JOURNAL ARTICLE

The effects of COVID-19 on pediatric anesthesiologists: A survey of the members of the Society for Pediatric Anesthesia

Rebecca D Margolis, Kim M Strupp, Abbie O Beacham, Myron Yaster, Thomas M Austin, Andrew W Macrae, Laura Diaz-Berenstain, Norah R Janosy
Anesthesia and Analgesia 2021 January 12
33439606

BACKGROUND: The COVID-19 pandemic has affected the personal and professional lives of all healthcare workers. Anesthesiologists frequently perform virus-aerosolizing procedures, such as intubation and extubation, that place them at increased risk of infection. We sought to determine how the initial COVID-19 outbreak affected members of the Society for Pediatric Anesthesia (SPA) on both personal and professional levels. Specifically, we examined the potential effects of gender and age on personal stress, burnout, sleep deprivation, anxiety, and depression, assessed job satisfaction, and explored financial impact.

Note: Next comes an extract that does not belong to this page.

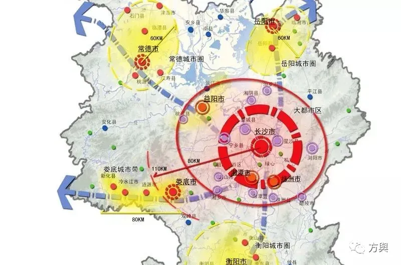 2021年11月,长沙市新型城镇化发展规划(2021-2025 年)发布,其中就有提及长沙县“撤县改区”、“长株潭一体化”等内容。其中提到在长沙城市群范围内,以长沙中心城区为极核,长株潭都市区为主体,推进长沙县撤县设区,周边区县(市)1小时通勤圈为重要组成部分,形成区域性城市空间聚集的大长沙都市圈。详细内容如下。🔺长株潭都市圈

METHODS: After receiving approval from the SPA Committees for Research and Quality and Safety, and the Colorado Multiple Institutional Review Board, we emailed a questionnaire to all 3,245 SPA members. The survey included 22 questions related to well-being and 13 questions related to effects of COVID-19 on current and future practice, finances, retirement planning, academic time and productivity, and clinical and home responsibilities. To address low initial response rates and quantify nonresponse bias, we sent a shortened follow-up survey to a randomly selected subsample (n=100) of SPA members who did not respond to the initial survey. Response differences between the two cohorts were determined.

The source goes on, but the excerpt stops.